Endoluminal therapy in the post-thrombotic phase of deep vein thrombosis

If you have lower extremity DVT, you must first choose a vascular surgeon in a regular hospital. Ultrasound or deep venography of the deep veins of the lower limbs and CT of the iliac veins should be done, and if the ultrasound reveals that the deep veins of the lower limbs have been completely recanalized, CT of the iliac veins should be done to find out the patency of the iliac veins. If the iliac veins are also excluded from occlusion and stenosis, and the patient has varicose veins and ulcers in the calves, the superficial veins of the lower limbs and the traffic branches can be dissected. If only the iliac vein is occluded and the deep veins of the lower extremity are well recanalized, then an interventional opening of the iliac vein can be performed.

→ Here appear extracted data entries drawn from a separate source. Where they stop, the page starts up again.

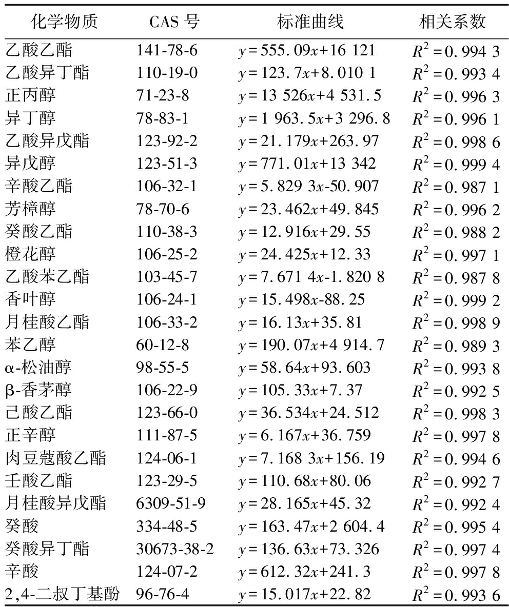 化学物质CAS号标准曲线相关系数乙酸乙酯141-78-6y=555.09x+16 121R2=0.994 3乙酸异丁酯110-19-0y=123.7x+8.010 1R2=0.993 4正丙醇71-23-8y=13 526x+4 531.5R2=0.996 3异丁醇78-83-1y=1 963.5x+3 296.8R2=0.996 1乙酸异戊酯123-92-2y=21.179x+263.97R2=0.998 6异戊醇123-51-3y=771.01x+13 342R2=0.999 4辛酸乙酯106-32-1y=5.829 3x-50.907R2=0.987 1芳樟醇78-70-6y=23.462x+49.845R2=0.996 2癸酸乙酯110-38-3y=12.916x+29.55R2=0.988 2橙花醇106-25-2y=24.425x+12.33R2=0.997 1乙酸苯乙酯103-45-7y=7.671 4x-1.820 8R2=0.987 8香叶醇106-24-1y=15.498x-88.25R2=0.999 2月桂酸乙酯106-33-2y=16.13x+35.81R2=0.998 9苯乙醇60-12-8y=190.07x+4 914.7R2=0.989 3α-松油醇98-55-5y=58.64x+93.603R2=0.993 8β-香茅醇106-22-9y=105.33x+7.37R2=0.992 5己酸乙酯123-66-0y=36.534x+24.512R2=0.998 3正辛醇111-87-5y=6.167x+36.759R2=0.997 8肉豆蔻酸乙酯124-06-1y=7.168 3x+156.19R2=0.994 6壬酸乙酯123-29-5y=110.68x+80.06R2=0.992 7月桂酸异戊酯6309-51-9y=28.165x+45.32R2=0.992 4癸酸334-48-5y=163.47x+2 604.4R2=0.995 4癸酸异丁酯30673-38-2y=136.63x+73.326R2=0.997 4辛酸124-07-2y=612.32x+241.3R2=0.997 82,4-二叔丁基酚96-76-4y=15.017x+22.82R2=0.993 6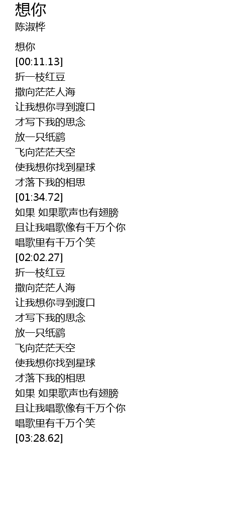 | [00:02.30] | 想你 |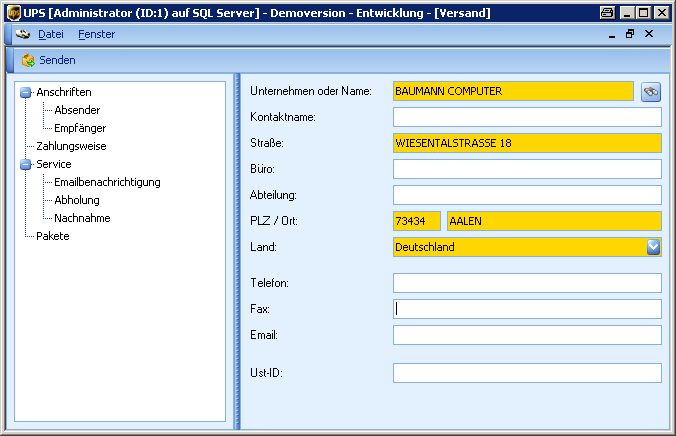 Menü für den Paketversand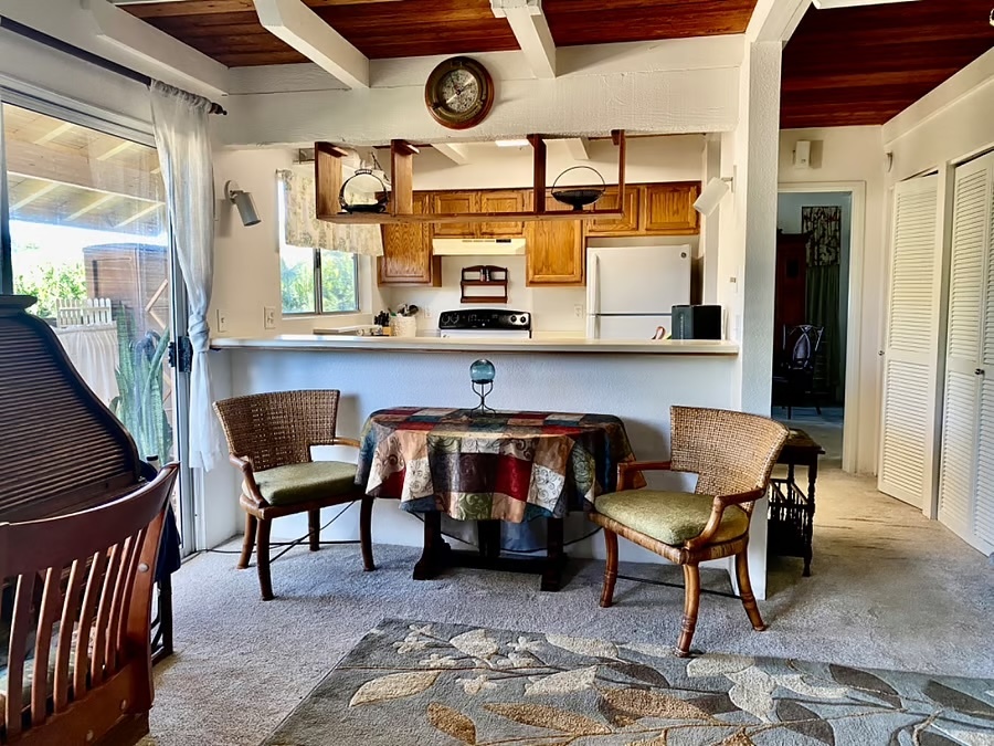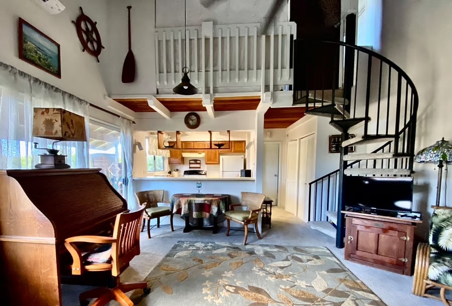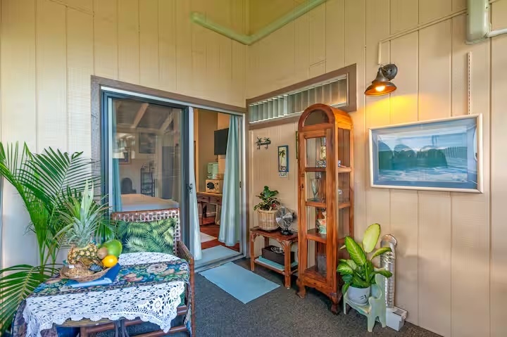 Inside, the A-side was freshly painted in 2024, while the B-side received new paint and luxury vinyl plank flooring (Koa) in June 2022. Vaulted ceilings create a bright, airy feel with abundant natural light and openness. From the loft, enjoy a peekaboo ocean view, and from the lanai, take in gorgeous island sunsets.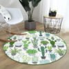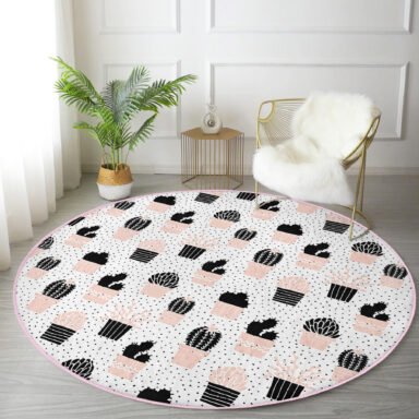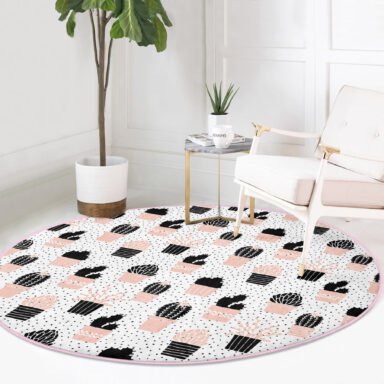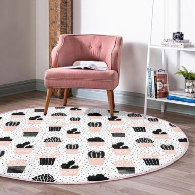 Beyaz Zemin Siyah Puantiyeli Kaktüs Desenli Koridor Ve Antre Yıkanabilir Kaymaz Taban Yuvarlak Halı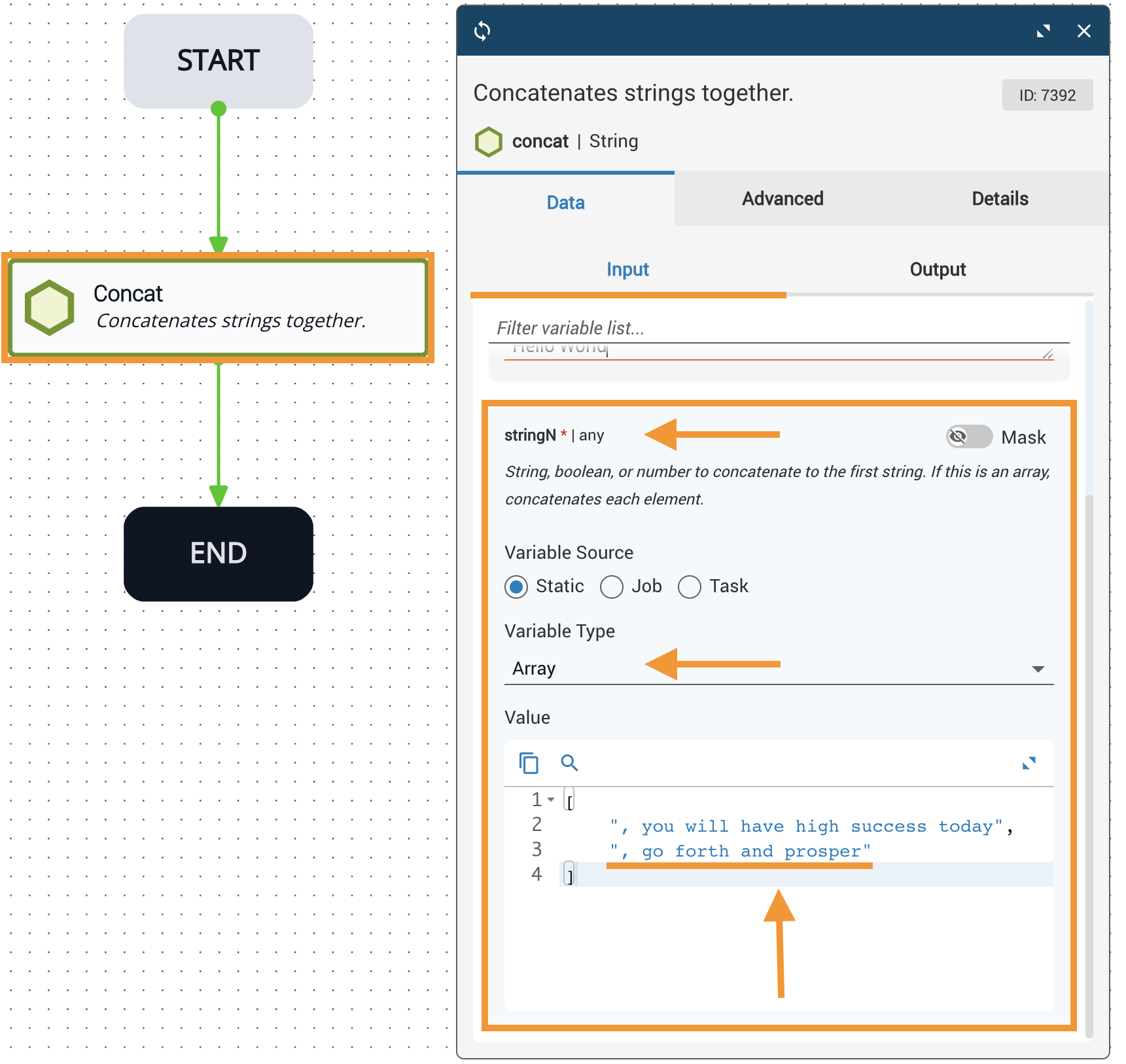 The concat task combines strings. It can concatenate strings or an array of strings consisting of one or more values. This task does not provide the ability to reorganize the array or iterate through it.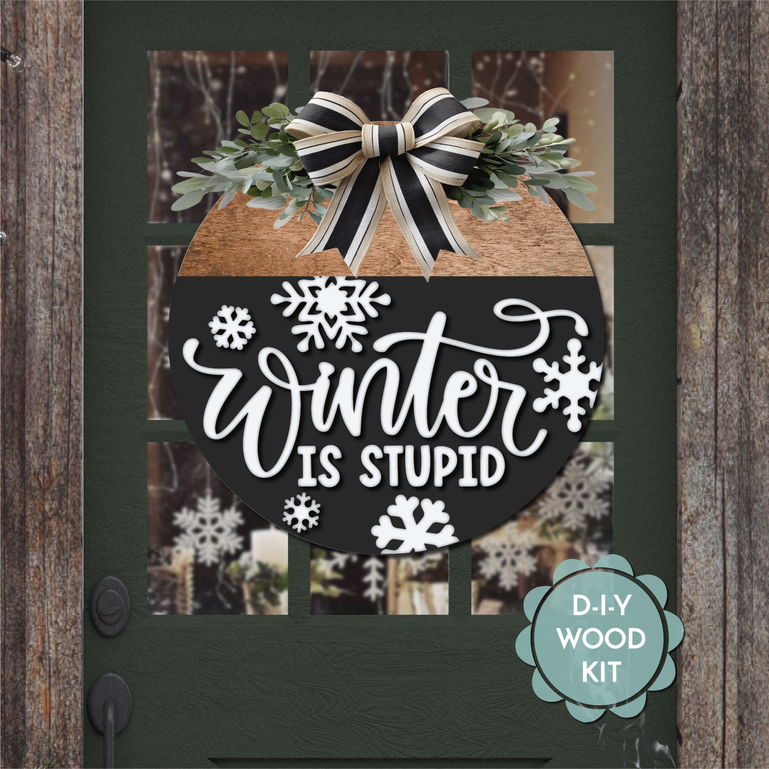 How do you feel about winter?? This lovely door hanger kit sums up how most of us feel when the snow flies! Winter is stupid! This is a do-it-yourself kit that you paint and glue together. Perfect for beginner crafters! (paint not included). Make a few as gifts or to sell!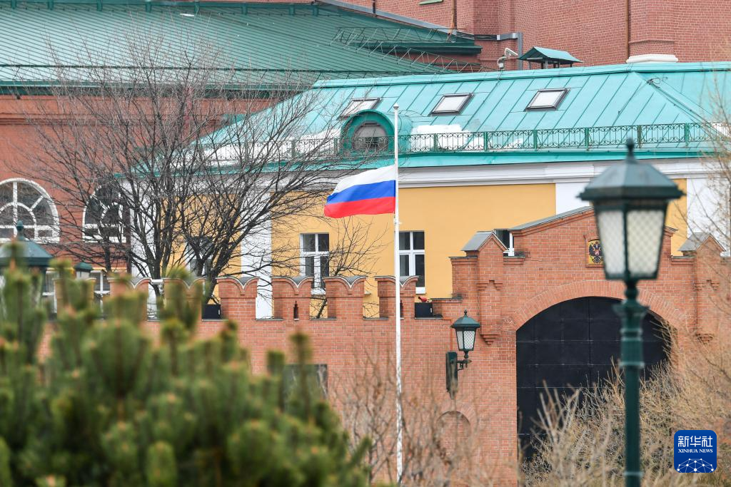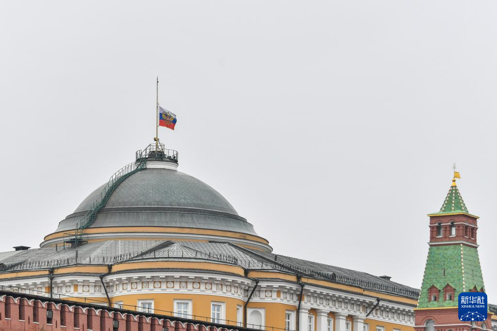 这是3月24日在俄罗斯莫斯科拍摄的降半旗的克里姆林宫。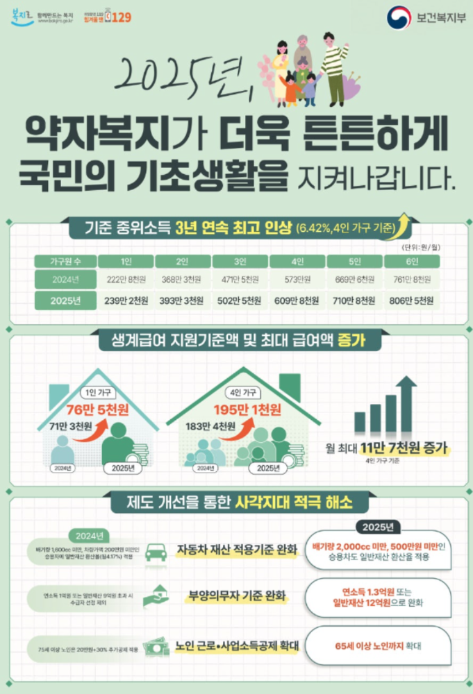 2025년 기초생활 수급비 인상 및 복지 제도 변화 안내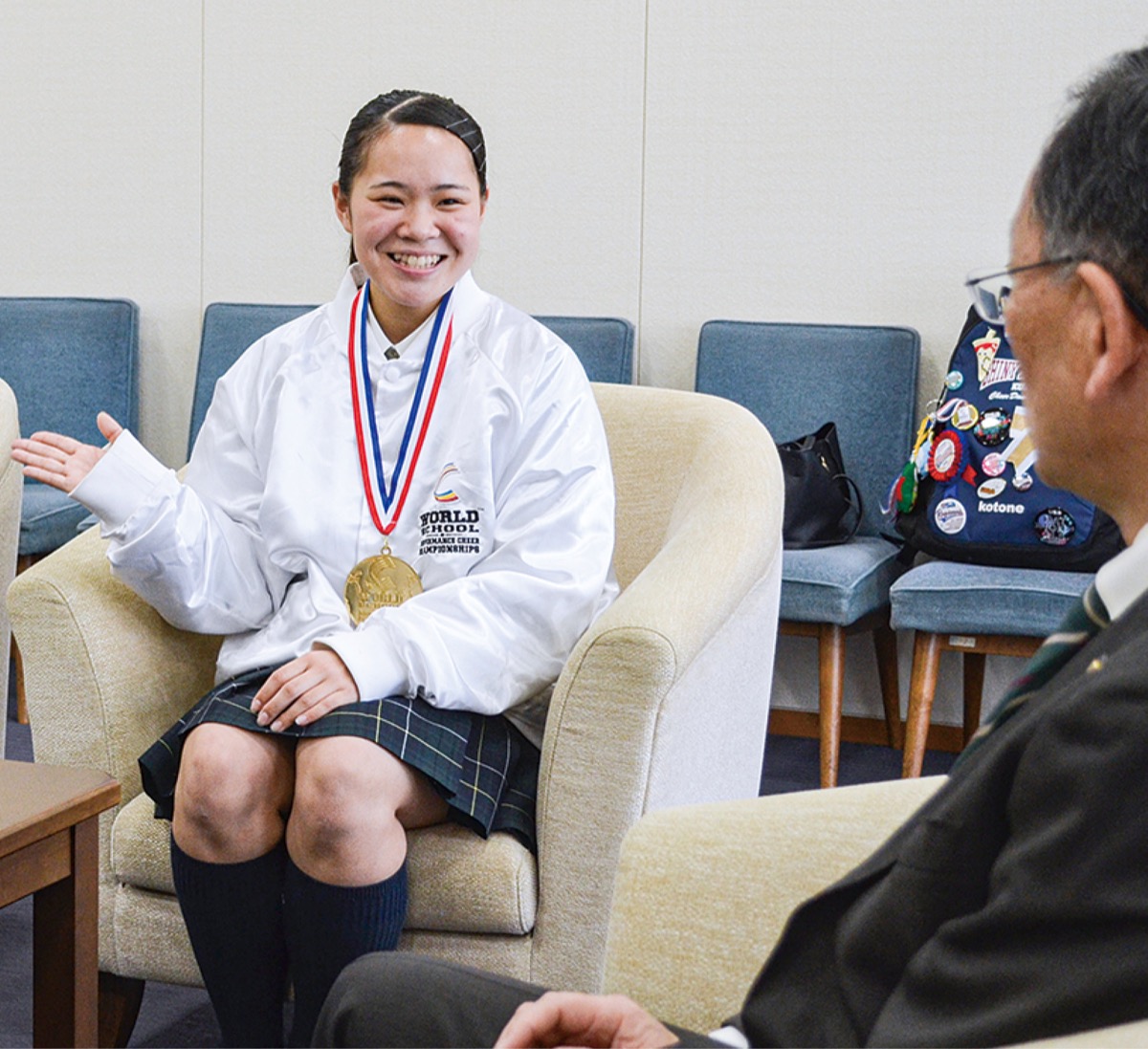 今年2月に米国フロリダ州で開催された「ICU世界スクールパフォーマンスチア選手権大会」の「Varsity Game Day」部門に向上高校チアダンス部(伊勢原市)のメンバーとして出場し、優勝した杉山琴音さん=小鍋島在住・2年=が4月4日、平塚市役所を訪問し優勝報告を行った。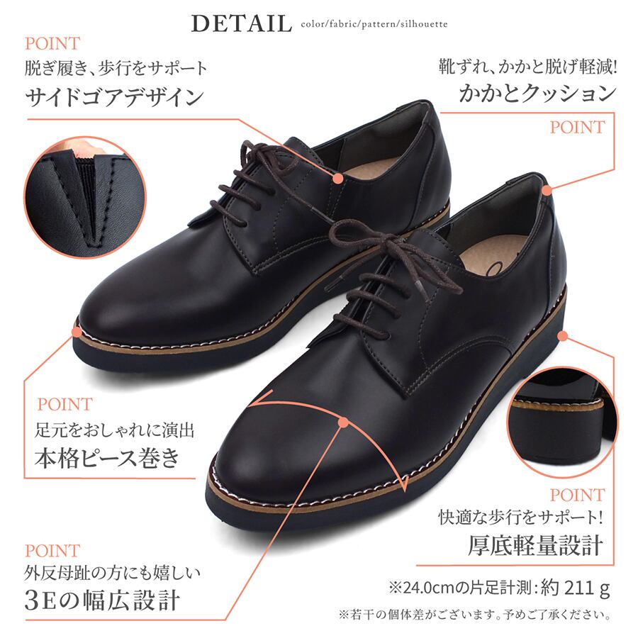 レースアップシューズ マニッシュ 幅広設計 軽量 厚底 コンフォート maschietta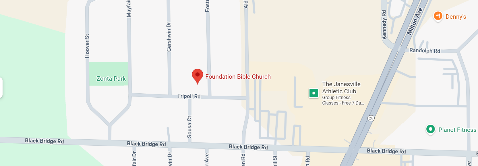 Foundation Bible Church is a gathering of Christians based in Janesville, WI, with a second campus, Foundation International Bible Church in Madison, WI.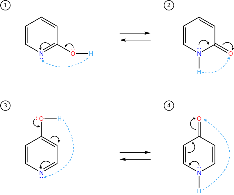 α- и γ-гидроксипиридины – таутомерные соединения. Они существуют в двух таутомерных формах: гидроксиформе и оксоформе. В водном растворе эти соединения находятся преимущественно в оксо-, или так называемой пиридоновой, форме, в неполярных растворителях и в газовой фазе преобладает гидроксиформа. (фото «Таутомерность гидроксипиридинов»)[5].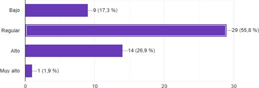 El 55,8% tienen conocimientos regulares de las obligaciones tributarias, el 26,9% alto mientras que el 17,3% bajo y 1,9% muy alto.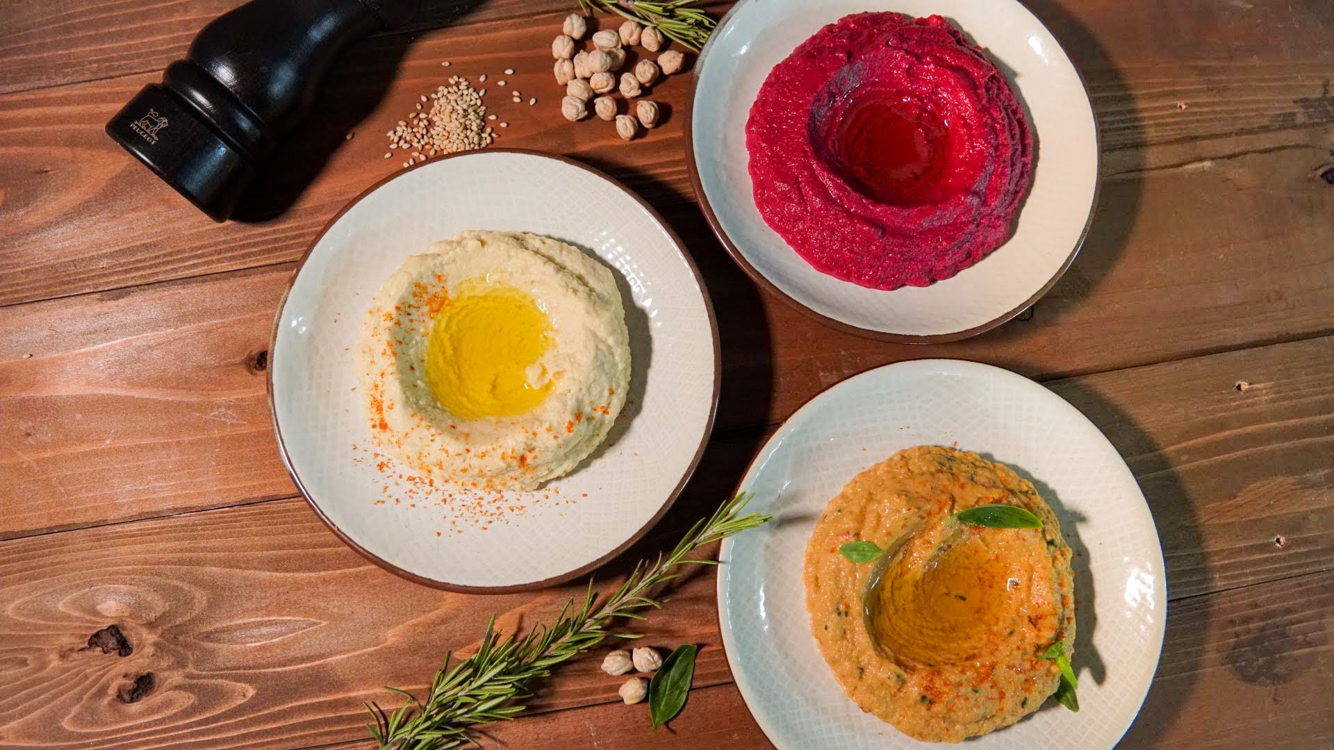 フムス単品 (プレーン, ドライトマト&バジル, ローストビーツ) 各600円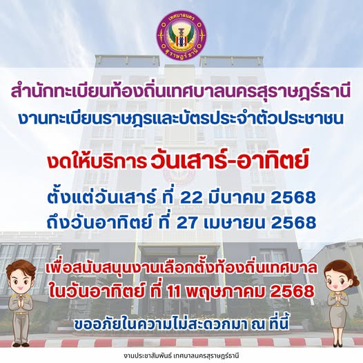 - สำนักทะเบียนท้องถิ่นเทศบาลนครสุราษฎร์ธานี งานทะเบียนราษฎรและบัตรประจำตัวประชาชน งดให้บริการวันเสาร์-อาทิตย์

If ultrasound of the deep veins of the lower extremity or CT of the iliac veins suggests that the deep veins are still obstructed, conservative treatment is first considered. Conservative treatment methods include: 1, compression therapy; 2, drug therapy. Compression therapy is more effective than drug therapy. If the degree of femoral vein recanalization is good, while the iliac vein is narrow and the clinical symptoms are obvious, interventional therapy can be considered. With the progress of interventional technology and materials, the interventional procedure to unblock the iliac vein has been further applied in Europe and America in the last 5 years. 5-year patency rate has been significantly improved. Vascular surgery has also accumulated a lot of clinical experience in the interventional treatment of DVT sequelae and achieved good results. Generally, interventional surgery can be considered in the following cases: 1, high degree of recanalization of veins below the femoral vein; 2, severe stenosis or occlusion of iliac vein segments; 3, swelling and nutritional changes in the lower extremity calves (darkening of the skin, ulcers, etc.). The advantage of interventional surgery is that the venous blood flow is restored and the result is quick. However, the cost is high and the patency rate needs to be improved.